**Brief:** Find the line below with "Close-up of the" and the line with "A commanding, muscular". Output them and the lines between, exactly, but not the pictures.

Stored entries
--

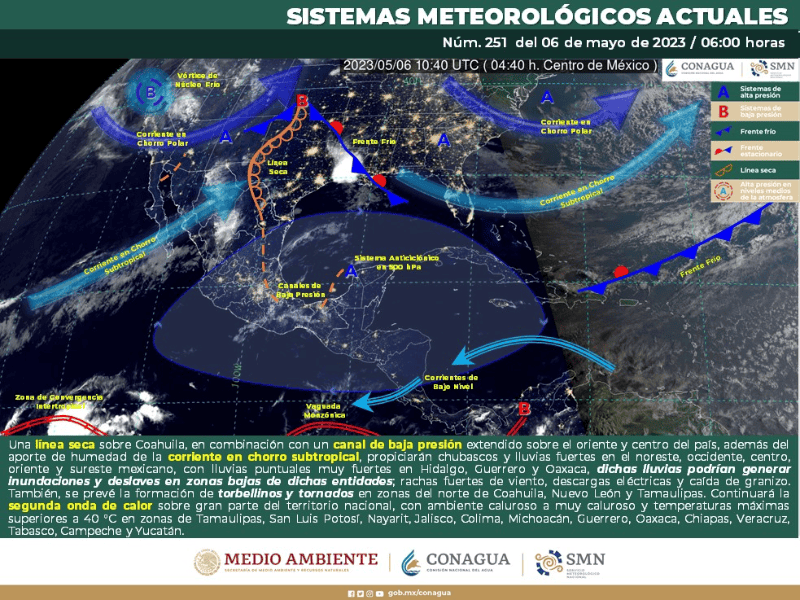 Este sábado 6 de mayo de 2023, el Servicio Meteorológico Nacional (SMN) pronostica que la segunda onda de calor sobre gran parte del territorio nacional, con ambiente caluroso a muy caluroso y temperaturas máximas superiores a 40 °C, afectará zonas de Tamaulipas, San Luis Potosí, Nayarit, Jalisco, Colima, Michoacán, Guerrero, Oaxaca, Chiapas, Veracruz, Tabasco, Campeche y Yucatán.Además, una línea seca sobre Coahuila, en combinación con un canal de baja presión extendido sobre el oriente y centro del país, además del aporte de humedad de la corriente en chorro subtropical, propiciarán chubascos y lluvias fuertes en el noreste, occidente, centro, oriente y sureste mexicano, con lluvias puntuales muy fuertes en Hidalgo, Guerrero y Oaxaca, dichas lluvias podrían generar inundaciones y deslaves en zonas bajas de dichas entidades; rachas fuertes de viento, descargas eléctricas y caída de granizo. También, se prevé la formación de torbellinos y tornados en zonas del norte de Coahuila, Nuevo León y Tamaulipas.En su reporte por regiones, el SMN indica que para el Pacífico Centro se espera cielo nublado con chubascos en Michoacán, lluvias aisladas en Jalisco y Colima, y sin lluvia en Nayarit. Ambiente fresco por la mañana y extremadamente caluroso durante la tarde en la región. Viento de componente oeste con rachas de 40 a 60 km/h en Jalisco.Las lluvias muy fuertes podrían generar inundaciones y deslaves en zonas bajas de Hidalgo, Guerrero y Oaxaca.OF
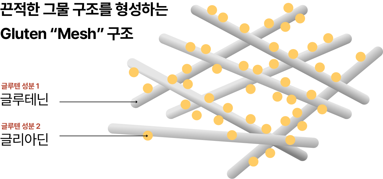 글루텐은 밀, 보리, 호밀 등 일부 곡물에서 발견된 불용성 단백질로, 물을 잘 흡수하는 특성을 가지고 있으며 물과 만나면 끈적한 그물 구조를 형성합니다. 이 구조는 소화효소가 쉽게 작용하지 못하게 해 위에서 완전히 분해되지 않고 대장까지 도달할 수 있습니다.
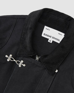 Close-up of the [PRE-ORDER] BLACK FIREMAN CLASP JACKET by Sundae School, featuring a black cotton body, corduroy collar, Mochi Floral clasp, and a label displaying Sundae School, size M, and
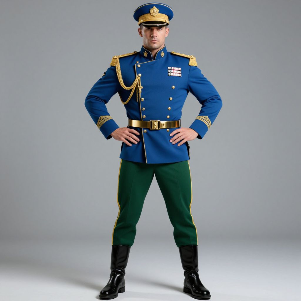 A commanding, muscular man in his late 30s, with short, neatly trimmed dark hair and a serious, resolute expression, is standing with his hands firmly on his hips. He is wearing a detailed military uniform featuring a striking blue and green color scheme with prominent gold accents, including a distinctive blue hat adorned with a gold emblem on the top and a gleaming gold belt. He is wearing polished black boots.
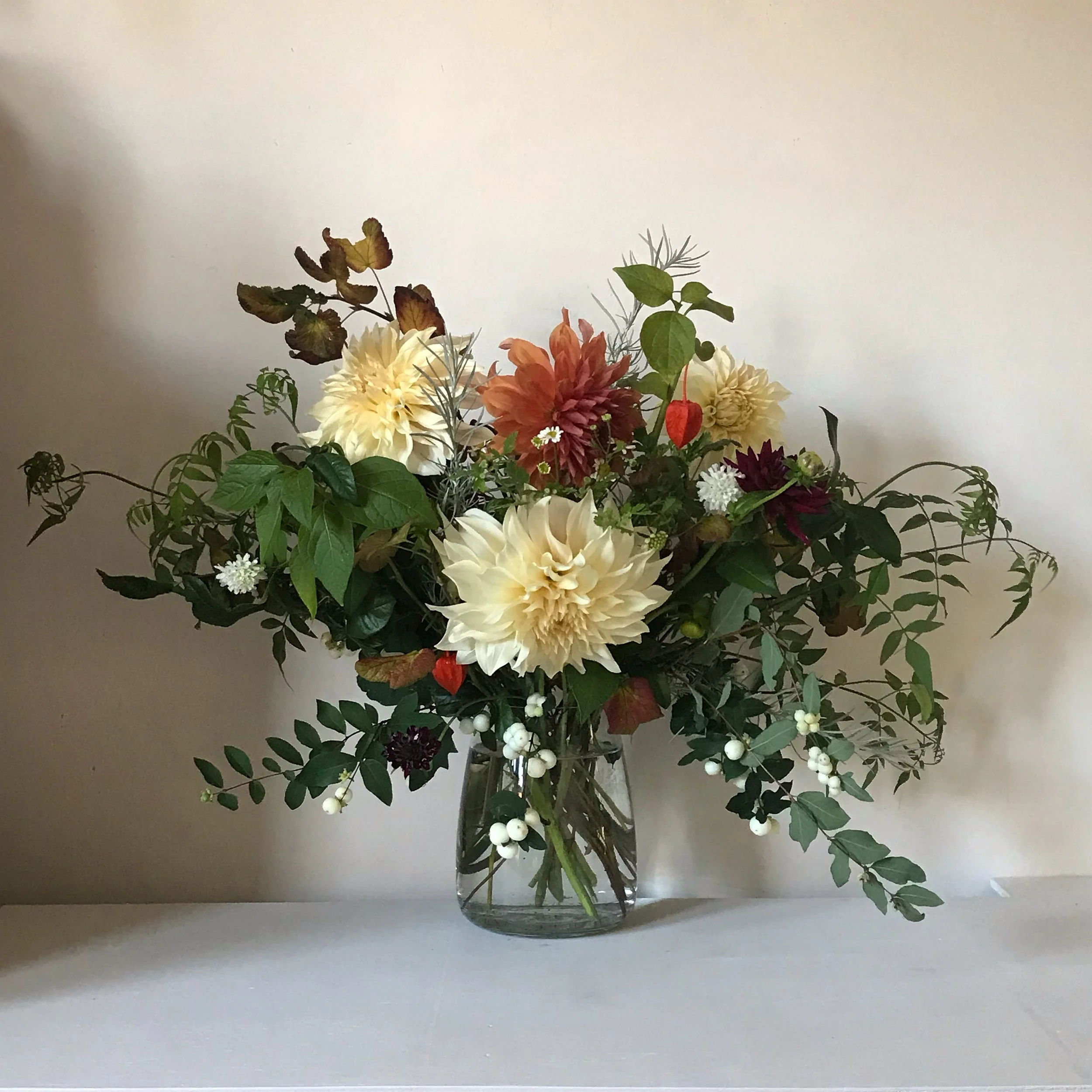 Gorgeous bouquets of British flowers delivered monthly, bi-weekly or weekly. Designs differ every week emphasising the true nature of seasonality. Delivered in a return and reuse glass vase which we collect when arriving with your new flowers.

--

**Reply to the task:**
 Close-up of the [PRE-ORDER] BLACK FIREMAN CLASP JACKET by Sundae School, featuring a black cotton body, corduroy collar, Mochi Floral clasp, and a label displaying Sundae School, size M, and
 A commanding, muscular man in his late 30s, with short, neatly trimmed dark hair and a serious, resolute expression, is standing with his hands firmly on his hips. He is wearing a detailed military uniform featuring a striking blue and green color scheme with prominent gold accents, including a distinctive blue hat adorned with a gold emblem on the top and a gleaming gold belt. He is wearing polished black boots.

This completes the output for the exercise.